Nothing outside the lines below from the one containing "基于新鲜铁棍山药这些食用上的" through the one containing "Платные сервисы собирают" is to be printed; print those exactly, ends included, and drop the pictures.

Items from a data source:
+++

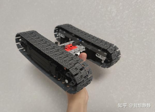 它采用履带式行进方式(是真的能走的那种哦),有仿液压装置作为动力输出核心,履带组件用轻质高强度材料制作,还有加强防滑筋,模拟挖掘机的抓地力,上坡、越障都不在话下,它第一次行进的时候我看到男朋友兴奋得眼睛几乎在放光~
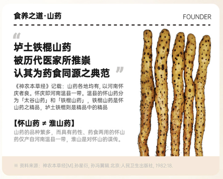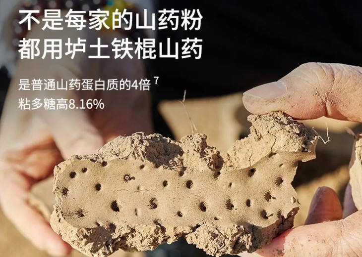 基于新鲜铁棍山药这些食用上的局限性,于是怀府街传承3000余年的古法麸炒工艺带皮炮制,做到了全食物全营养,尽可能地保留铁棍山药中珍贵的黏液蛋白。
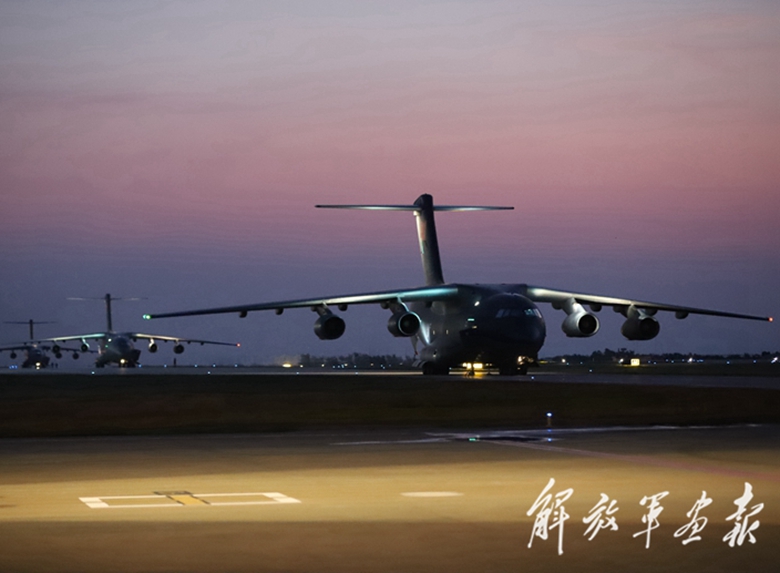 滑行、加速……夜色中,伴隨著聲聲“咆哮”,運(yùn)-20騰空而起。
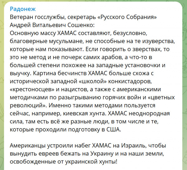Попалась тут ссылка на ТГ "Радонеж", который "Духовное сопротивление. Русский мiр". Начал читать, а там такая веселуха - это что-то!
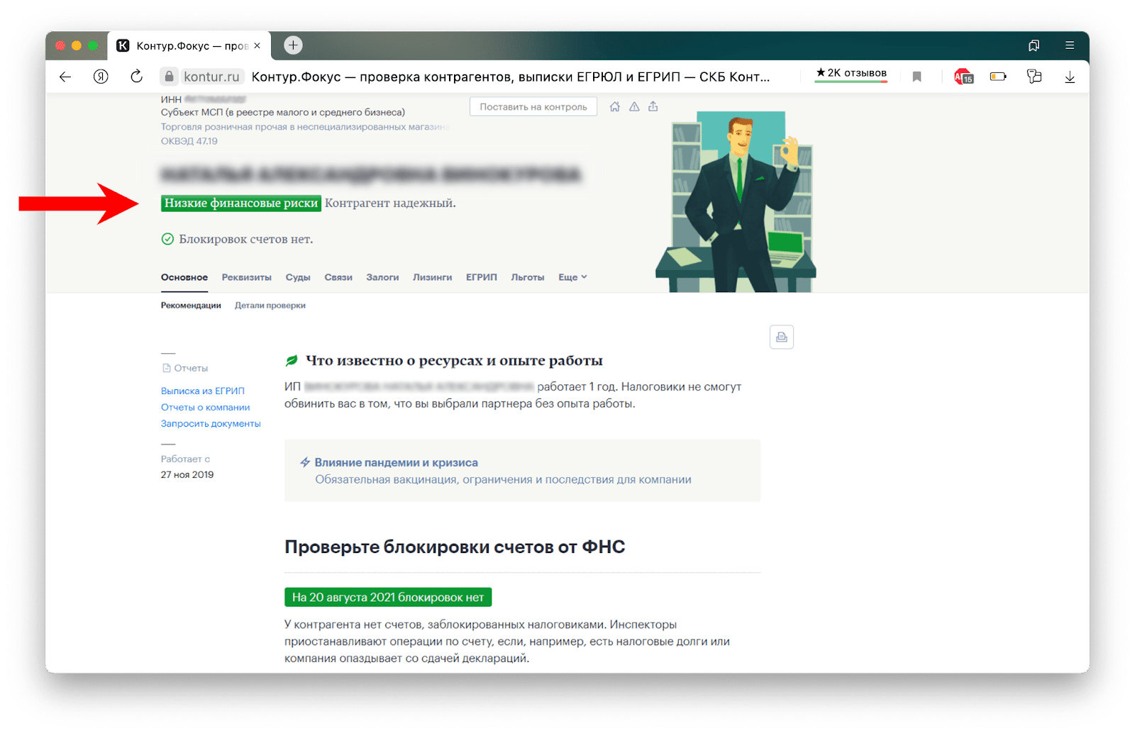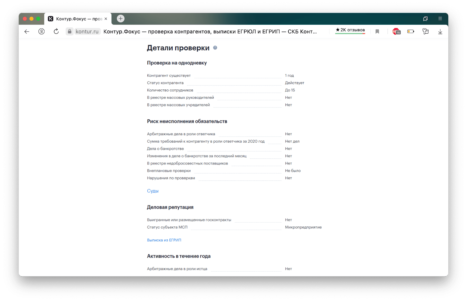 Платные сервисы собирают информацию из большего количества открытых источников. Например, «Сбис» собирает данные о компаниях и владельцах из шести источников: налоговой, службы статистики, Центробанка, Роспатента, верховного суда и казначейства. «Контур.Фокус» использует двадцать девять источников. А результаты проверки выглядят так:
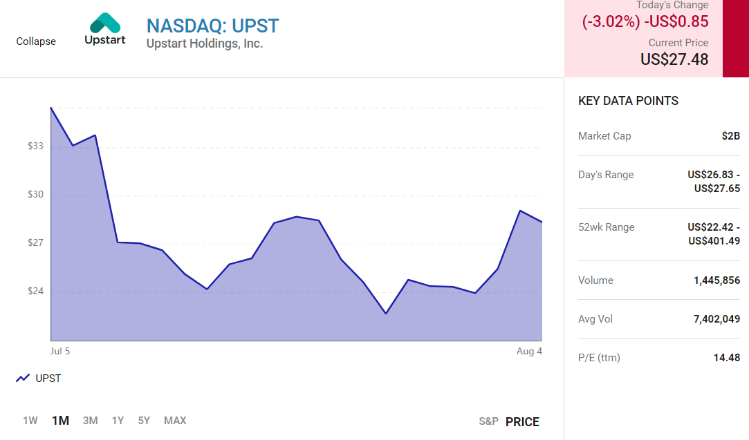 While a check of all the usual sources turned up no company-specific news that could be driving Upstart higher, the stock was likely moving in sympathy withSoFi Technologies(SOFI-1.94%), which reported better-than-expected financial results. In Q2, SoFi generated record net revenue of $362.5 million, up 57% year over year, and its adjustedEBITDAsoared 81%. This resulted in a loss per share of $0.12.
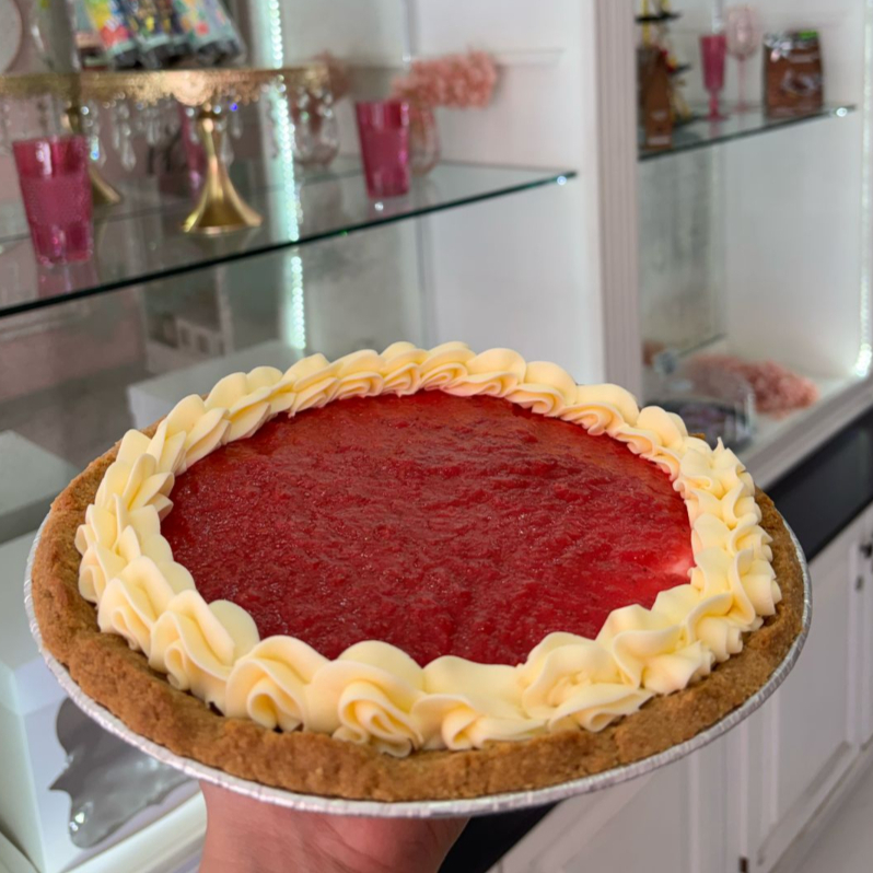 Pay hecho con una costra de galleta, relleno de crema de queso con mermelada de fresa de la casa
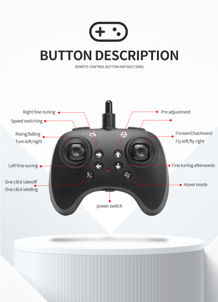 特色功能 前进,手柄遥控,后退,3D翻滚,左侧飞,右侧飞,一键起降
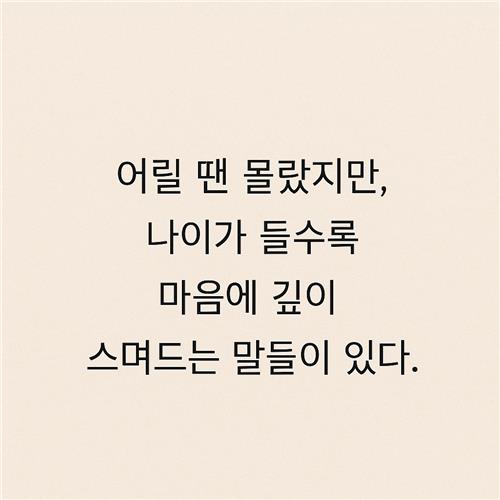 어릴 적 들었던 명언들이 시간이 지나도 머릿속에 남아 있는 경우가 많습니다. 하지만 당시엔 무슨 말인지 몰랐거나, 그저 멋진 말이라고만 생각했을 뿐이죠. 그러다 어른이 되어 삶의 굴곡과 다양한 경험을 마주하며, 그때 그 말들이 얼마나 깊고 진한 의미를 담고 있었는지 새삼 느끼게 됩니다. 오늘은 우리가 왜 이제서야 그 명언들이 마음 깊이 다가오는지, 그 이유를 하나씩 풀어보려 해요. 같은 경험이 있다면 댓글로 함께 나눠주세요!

+++

* ANSWER SPACE
 基于新鲜铁棍山药这些食用上的局限性,于是怀府街传承3000余年的古法麸炒工艺带皮炮制,做到了全食物全营养,尽可能地保留铁棍山药中珍贵的黏液蛋白。
 滑行、加速……夜色中,伴隨著聲聲“咆哮”,運(yùn)-20騰空而起。
Попалась тут ссылка на ТГ "Радонеж", который "Духовное сопротивление. Русский мiр". Начал читать, а там такая веселуха - это что-то!
 Платные сервисы собирают информацию из большего количества открытых источников. Например, «Сбис» собирает данные о компаниях и владельцах из шести источников: налоговой, службы статистики, Центробанка, Роспатента, верховного суда и казначейства. «Контур.Фокус» использует двадцать девять источников. А результаты проверки выглядят так:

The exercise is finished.